───── RECORD EXCERPTS ─────

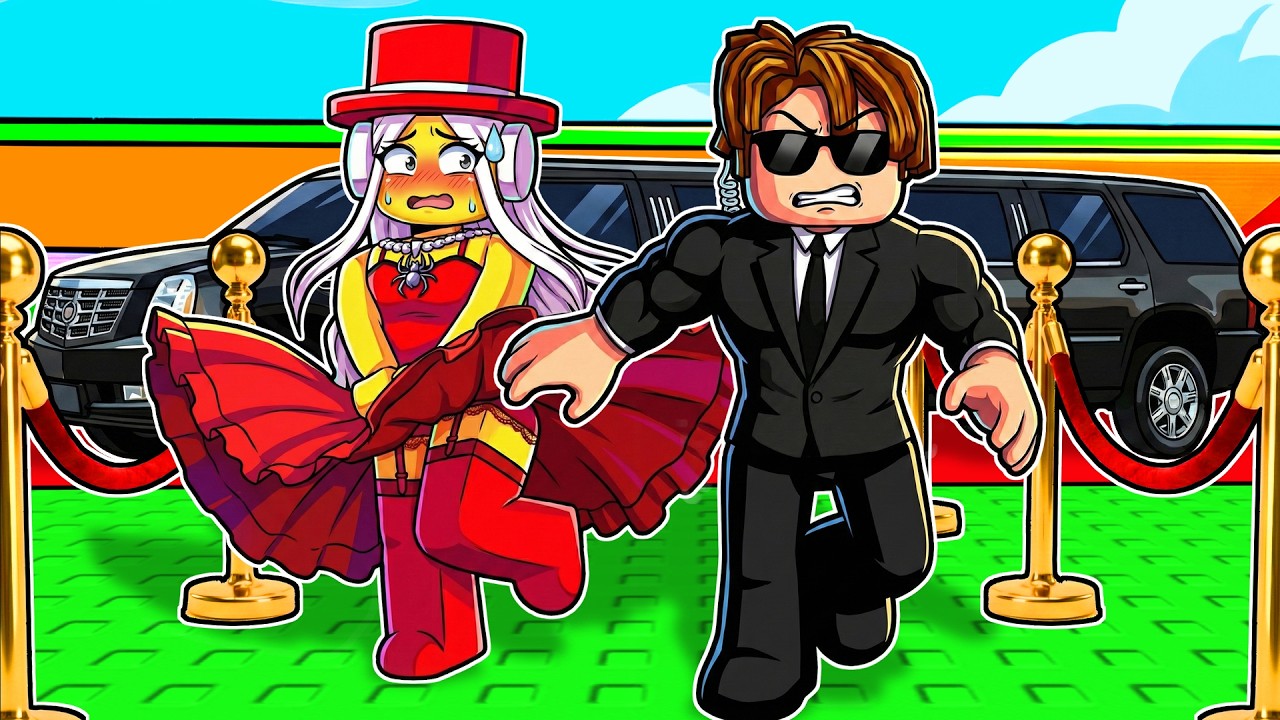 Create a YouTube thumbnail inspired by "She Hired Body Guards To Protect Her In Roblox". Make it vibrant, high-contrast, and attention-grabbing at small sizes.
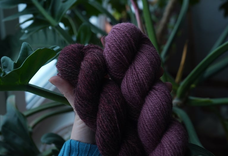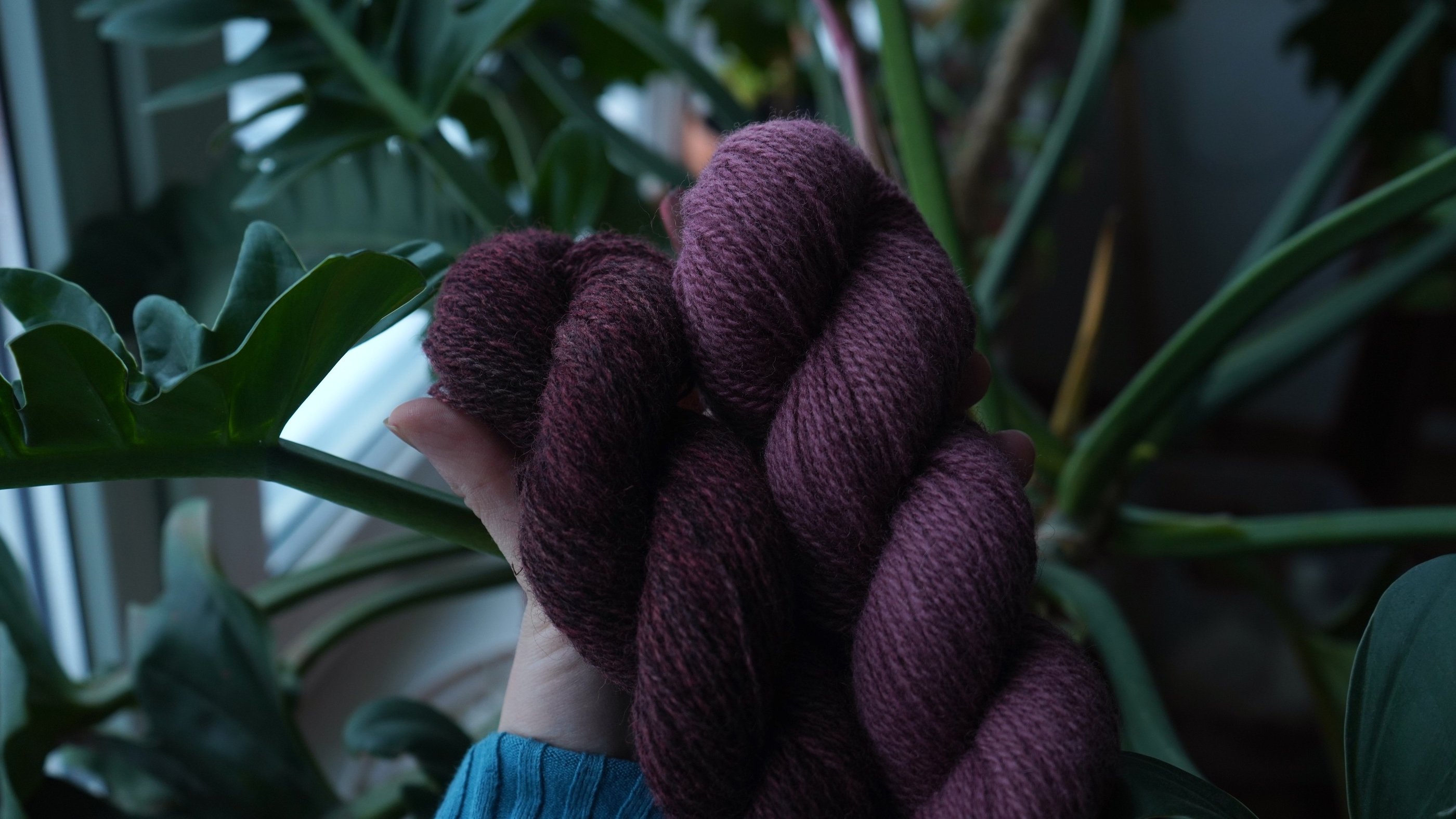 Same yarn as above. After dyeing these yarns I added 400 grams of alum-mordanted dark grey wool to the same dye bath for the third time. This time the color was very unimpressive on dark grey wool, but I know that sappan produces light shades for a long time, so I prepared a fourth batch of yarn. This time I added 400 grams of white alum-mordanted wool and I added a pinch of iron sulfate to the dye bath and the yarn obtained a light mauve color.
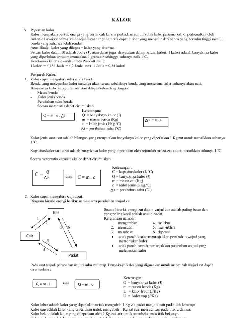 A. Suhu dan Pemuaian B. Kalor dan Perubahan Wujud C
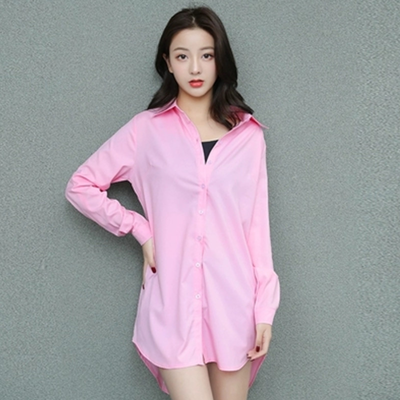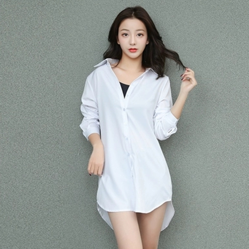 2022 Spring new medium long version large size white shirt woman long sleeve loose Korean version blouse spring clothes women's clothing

─────
───── RECORD EXCERPTS ─────

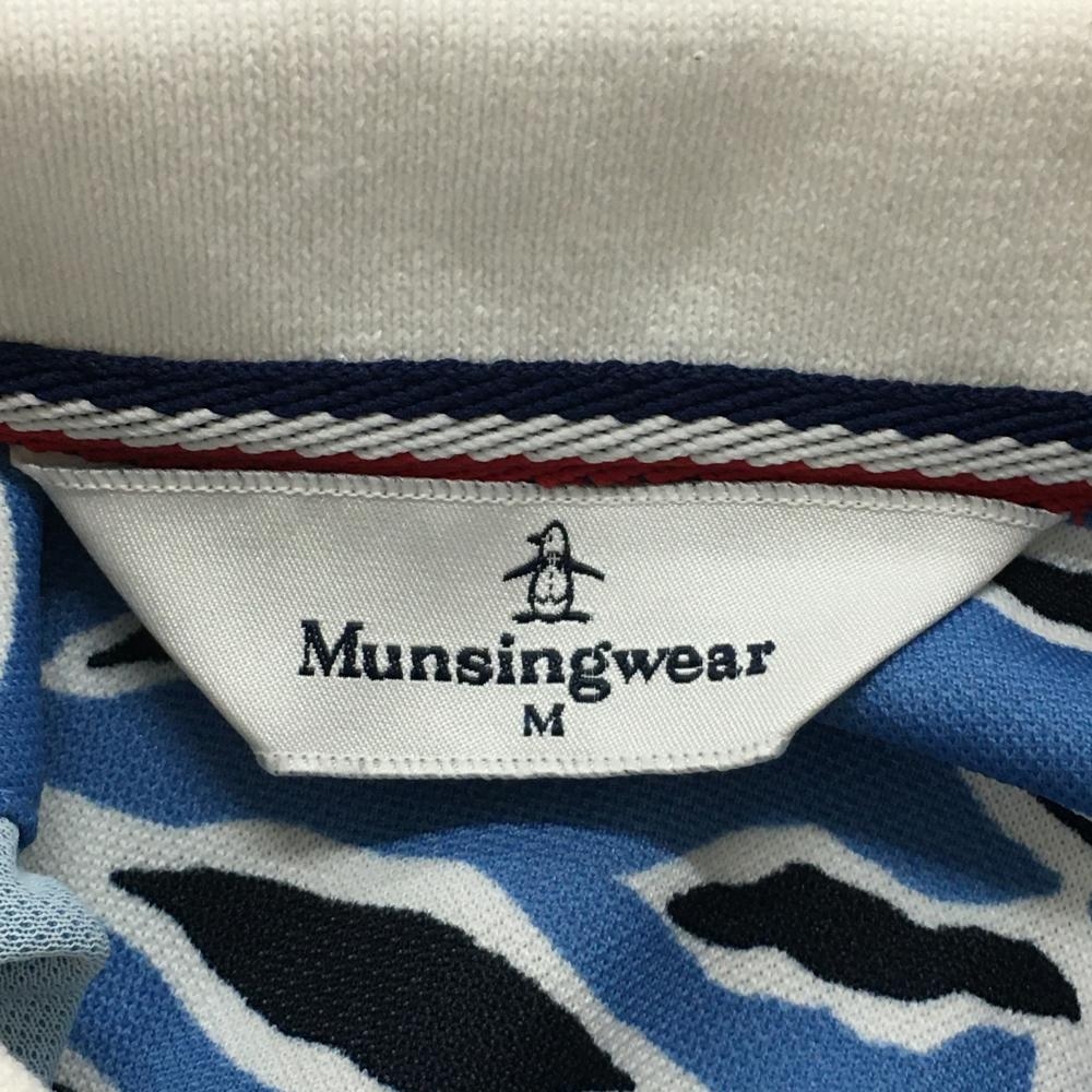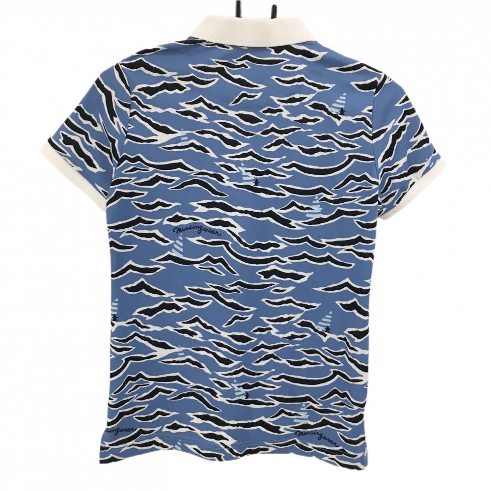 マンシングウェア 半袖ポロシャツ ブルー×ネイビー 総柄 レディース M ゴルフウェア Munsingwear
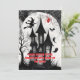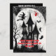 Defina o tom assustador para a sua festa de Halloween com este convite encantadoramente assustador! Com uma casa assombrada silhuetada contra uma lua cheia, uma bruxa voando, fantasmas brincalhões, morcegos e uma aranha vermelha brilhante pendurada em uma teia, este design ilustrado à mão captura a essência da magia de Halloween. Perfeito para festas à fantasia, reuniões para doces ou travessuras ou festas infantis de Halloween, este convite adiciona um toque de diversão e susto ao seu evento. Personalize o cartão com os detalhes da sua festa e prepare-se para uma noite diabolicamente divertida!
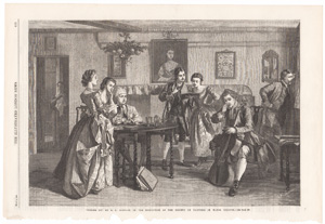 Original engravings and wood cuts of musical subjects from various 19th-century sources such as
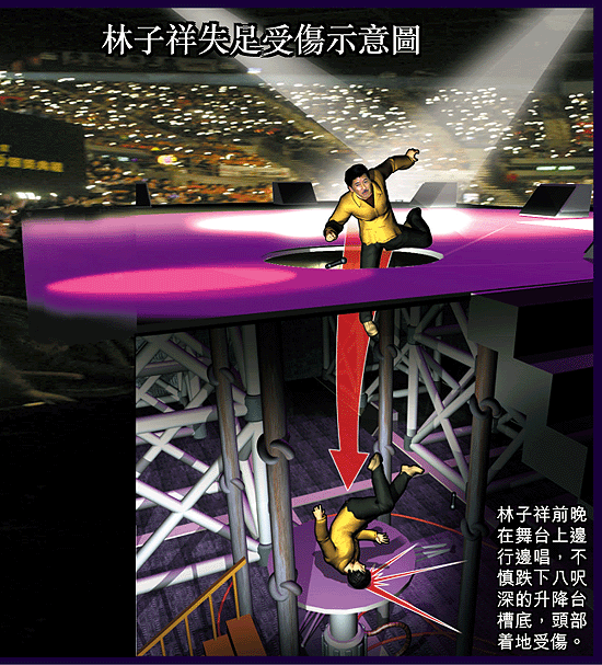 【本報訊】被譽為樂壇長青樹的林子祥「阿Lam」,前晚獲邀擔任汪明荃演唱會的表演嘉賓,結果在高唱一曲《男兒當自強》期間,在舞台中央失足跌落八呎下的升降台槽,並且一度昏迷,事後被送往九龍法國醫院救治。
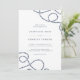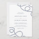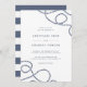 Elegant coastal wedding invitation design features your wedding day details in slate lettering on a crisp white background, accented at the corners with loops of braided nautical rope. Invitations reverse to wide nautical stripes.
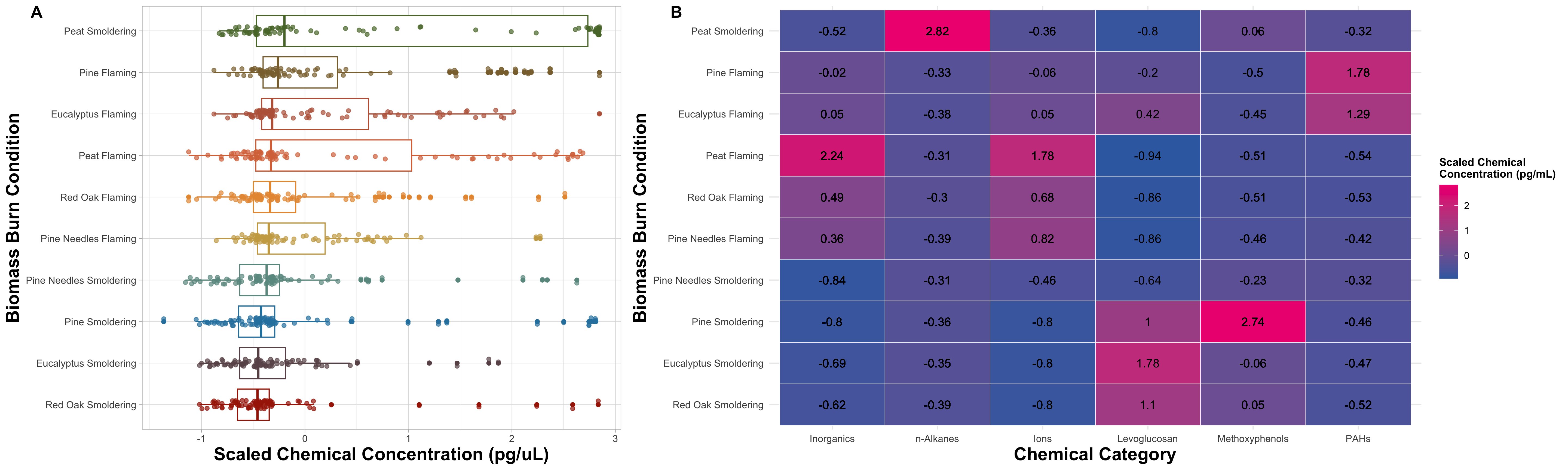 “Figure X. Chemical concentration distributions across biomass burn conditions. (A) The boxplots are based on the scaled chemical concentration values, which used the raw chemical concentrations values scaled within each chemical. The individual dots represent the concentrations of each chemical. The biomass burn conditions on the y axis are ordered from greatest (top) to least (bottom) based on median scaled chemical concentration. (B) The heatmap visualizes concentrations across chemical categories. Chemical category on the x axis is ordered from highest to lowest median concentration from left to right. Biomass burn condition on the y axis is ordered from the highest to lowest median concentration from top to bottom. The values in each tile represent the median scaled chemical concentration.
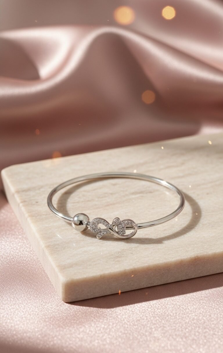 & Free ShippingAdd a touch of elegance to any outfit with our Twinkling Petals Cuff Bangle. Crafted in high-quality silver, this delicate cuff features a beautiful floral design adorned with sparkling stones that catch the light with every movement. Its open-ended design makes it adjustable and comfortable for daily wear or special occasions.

─────

• EXERCISE GOAL: Starting at the line above that holds "Same yarn as", repeat every line exactly down to and including the line that holds "2022 Spring new", then stop. Do not carry over any pictures.

• ANSWER SECTION:
 Same yarn as above. After dyeing these yarns I added 400 grams of alum-mordanted dark grey wool to the same dye bath for the third time. This time the color was very unimpressive on dark grey wool, but I know that sappan produces light shades for a long time, so I prepared a fourth batch of yarn. This time I added 400 grams of white alum-mordanted wool and I added a pinch of iron sulfate to the dye bath and the yarn obtained a light mauve color.
 A. Suhu dan Pemuaian B. Kalor dan Perubahan Wujud C
 2022 Spring new medium long version large size white shirt woman long sleeve loose Korean version blouse spring clothes women's clothing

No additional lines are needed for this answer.